Que no próximo ano, o dia 25 de dezembro não conste mais no calendário. Que não haja mais essa agitação infame nos açougues, nas farmácias, nos cabeleireiros e nos bric-a-braques de nenhuma cidade. Que pelo menos a metade dessa turba, com seus estômagos repletos de frangos e de porcos seja extinta nos próximos 365 dias.
Que os perus, as vacas e as ovelhas sacrificadas atormentem a todos em pesadelos. Chega da calhordice do "amigo oculto". Chega da idiotice do dim dim dom, chega de botoc, chega dos caixotes envoltos em papel brilhante. Chega de vinhos e de champanhes vagabundos, de bijuterias feitas com latões de querosene. Chega de todo esse lixo confeitado. Não mais essa compulsão descarada, não mais esses jumentos de presépio, os telefonemas melosos pra cá e pra lá e esse mau caratismo travestido de humanismo.
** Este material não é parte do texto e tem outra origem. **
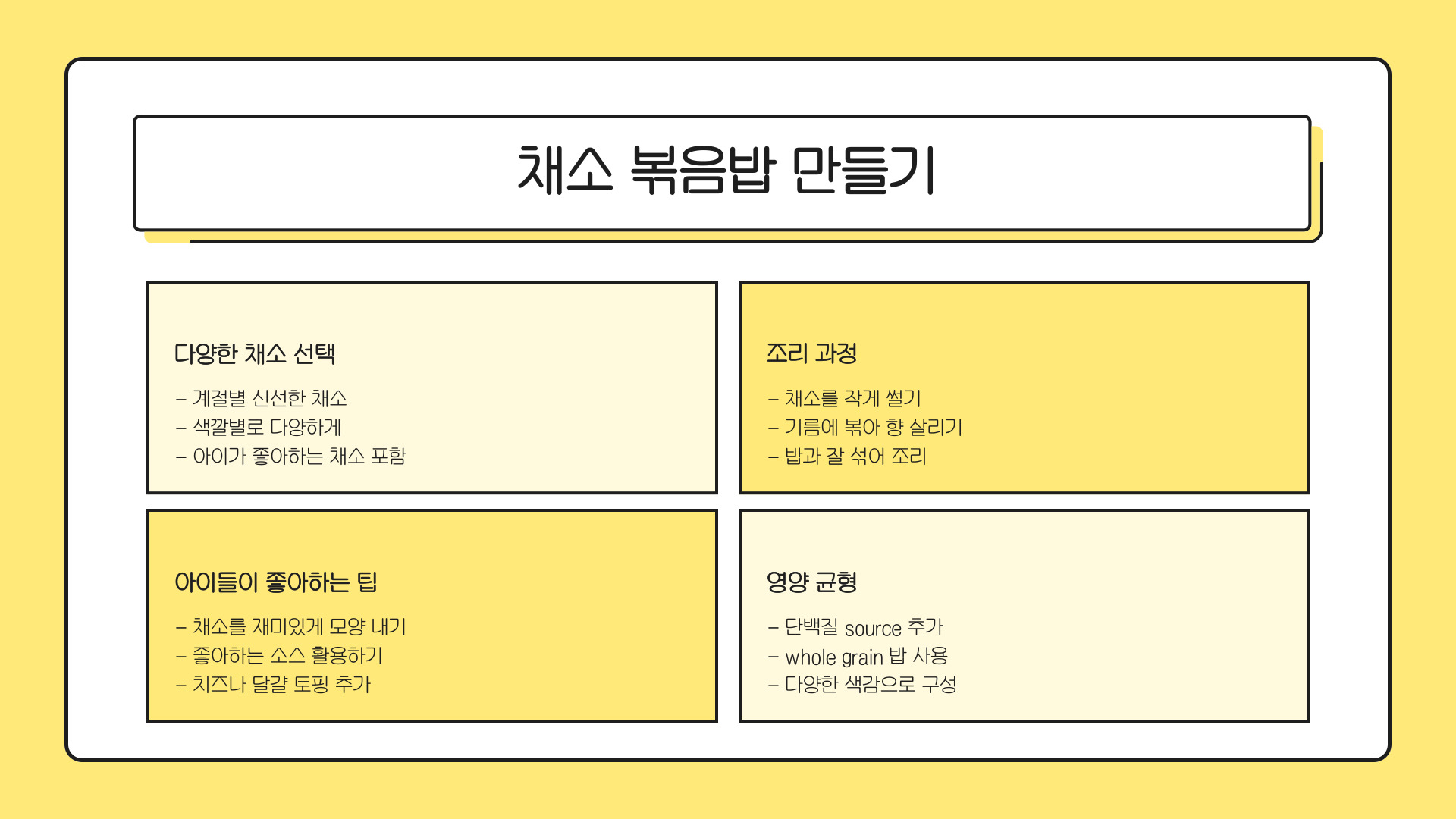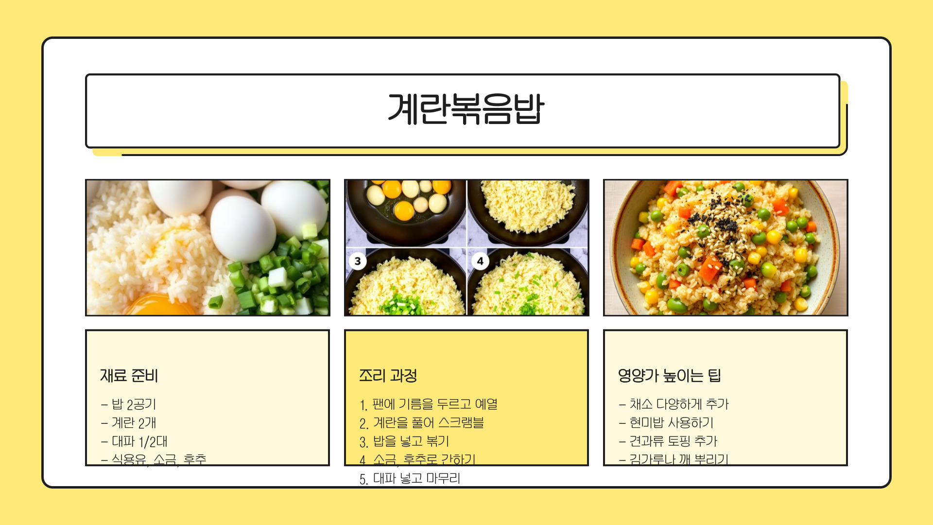 볶음밥은 아이들이 좋아하는 메뉴 중 하나로, 다양한 야채를 섞어 영양을 보충할 수 있는 좋은 방법입니다. 특히 남은 밥을 활용할 수 있어 경제적이기도 합니다.

Chega de ceias, de foguetórios, de alegrias simuladas. Chega de bolos, de tortas, de suflês, de salaminhos, de amêndoas chilenas, de tâmaras marroquinas e de banha de porco escorrendo pelos beiços, pois tudo isso só faz a humanidade peidar ainda mais. Chega de rabanadas, esse horror sempre presente em todos os festins de dezembro. Chega dessa odiosa listinha voluntária para porteiros, de esmolas para cegos, de trouxas de roupas velhas para andarilhos e de leite em pó para seus respectivos rebentos. Chega de sinos, de novenas, de compaixão por si mesmo. Chega enfim, de toda essa babaquice, de toda essa culpabilidade, desse nivelamento por baixo, dessas filas de bundões na direção do aeroporto ou congestionando as estradas. Chega dessa apologia inconseqüente tanto do sobrenatural como da mediocridade.